数据存储---GreenPlum实践

原创 2017年10月06日 22:14:35

       GreenPlum作为一个很好的开源的数据仓库,一直想体验一把,最近装了一个.关于安装,网上资料介绍也多了不少,至少越来越多,不过真正装一把才知道还是有各种坑的,不是那么一帆风顺的.

       Greenplum在线安装文档 http://gpdb.docs.pivotal.io/500/install_guide/prep_os_install_gpdb.html#topic8

       整个文档的确是相当长,而且还需要一点E文和Linux.我也没有完全按照上面说的来操作.下面记录下基本的操作和遇到的一些问题.

       1, 调整系统参数,具体的不贴了,文档上面也有,Centos6.5和7上面的操作还是有些区别的

  vi /etc/sysctl.conf
  vi /etc/security/limits.conf

       2, 防火墙和HOSTS配置,这些操作看似简单,但是最容易出错,一定要注意检查.
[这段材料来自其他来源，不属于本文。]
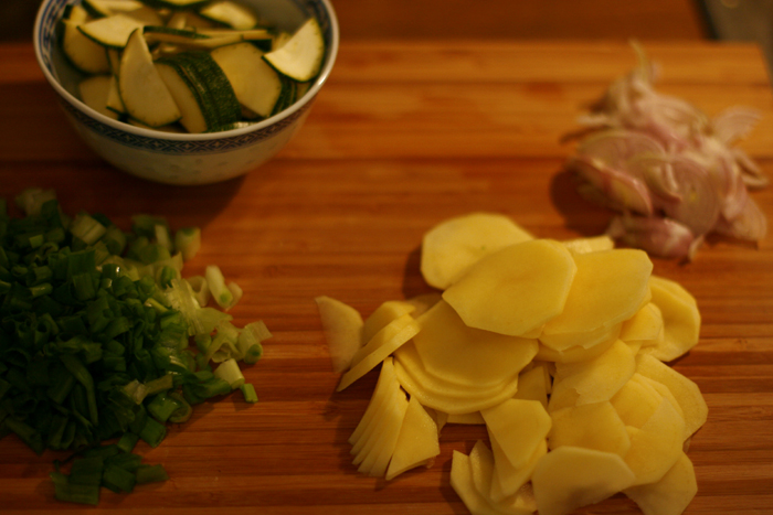 In der Zwischenzeit kann man die Zucchini halbieren und in feine Streifen schneiden, die Kartoffeln schälen und in feine Scheiben schneiden, Zwiebel und Frühlingszwiebel ebenfalls fein hacken oder in Ringe schneiden.
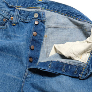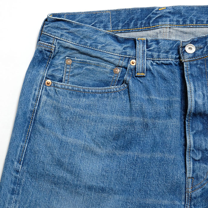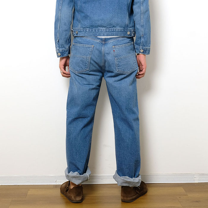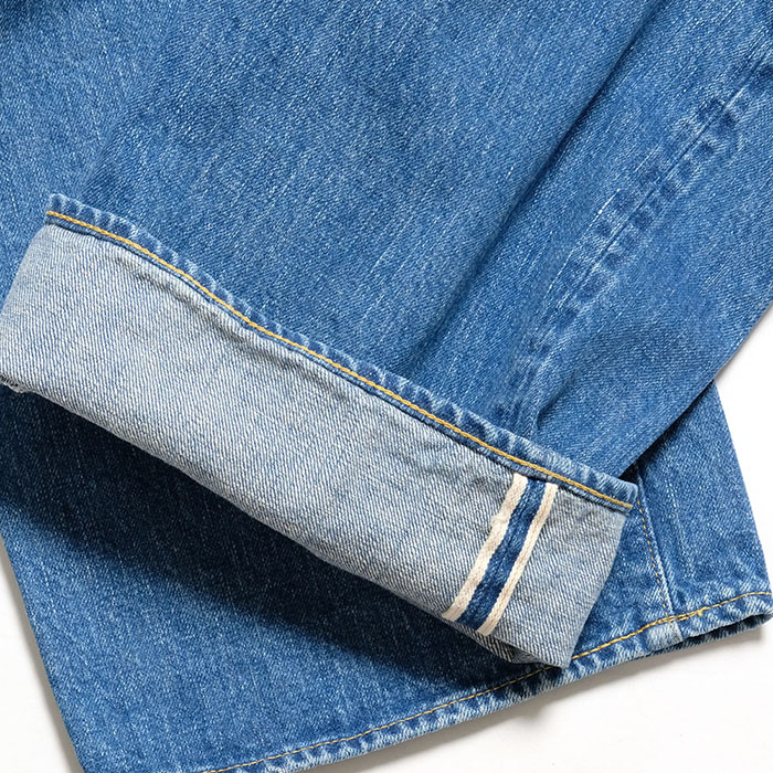 腰を包むパターンワークが特徴の硬派なセルビッチジーンズです。

       3, 下载,解压,安装,具体步骤省略......

      gpadmin用户下

      vi ~/.bash_profile 

      source /usr/local/greenplum-db/greenplum_path.sh
      export MASTER_DATA_DIRECTORY=/data/master/gpseg-1

  或者 source /usr/local/greenplum-db/greenplum_path.sh

      指定hostfile_exkeys文件,里面包括所有的主机,这个文件放的位置可以随意,只要下面执行的能找到文件或者参数里面把路径加上就可以

  gpseginstall -f hostfile_exkeys

     确认安装情况

gpssh -f hostfile_exkeys -e ls -l $GPHOME

gpssh-exkeys -f hostfile_exkeys


MASTER上创建数据存储目录
mkdir /data/master
chown gpadmin /data/master

Segment上创建数据存储目录
gpssh -f hostfile_gpssh_segonly -e 'mkdir /data/primary'
gpssh -f hostfile_gpssh_segonly -e 'mkdir /data/mirror'
gpssh -f hostfile_gpssh_segonly -e 'chown gpadmin /data/primary'
gpssh -f hostfile_gpssh_segonly -e 'chown gpadmin /data/mirror'

     4, 修改配置文件

     cd /home/gpadmin/gpconfigs (没有就创建目录)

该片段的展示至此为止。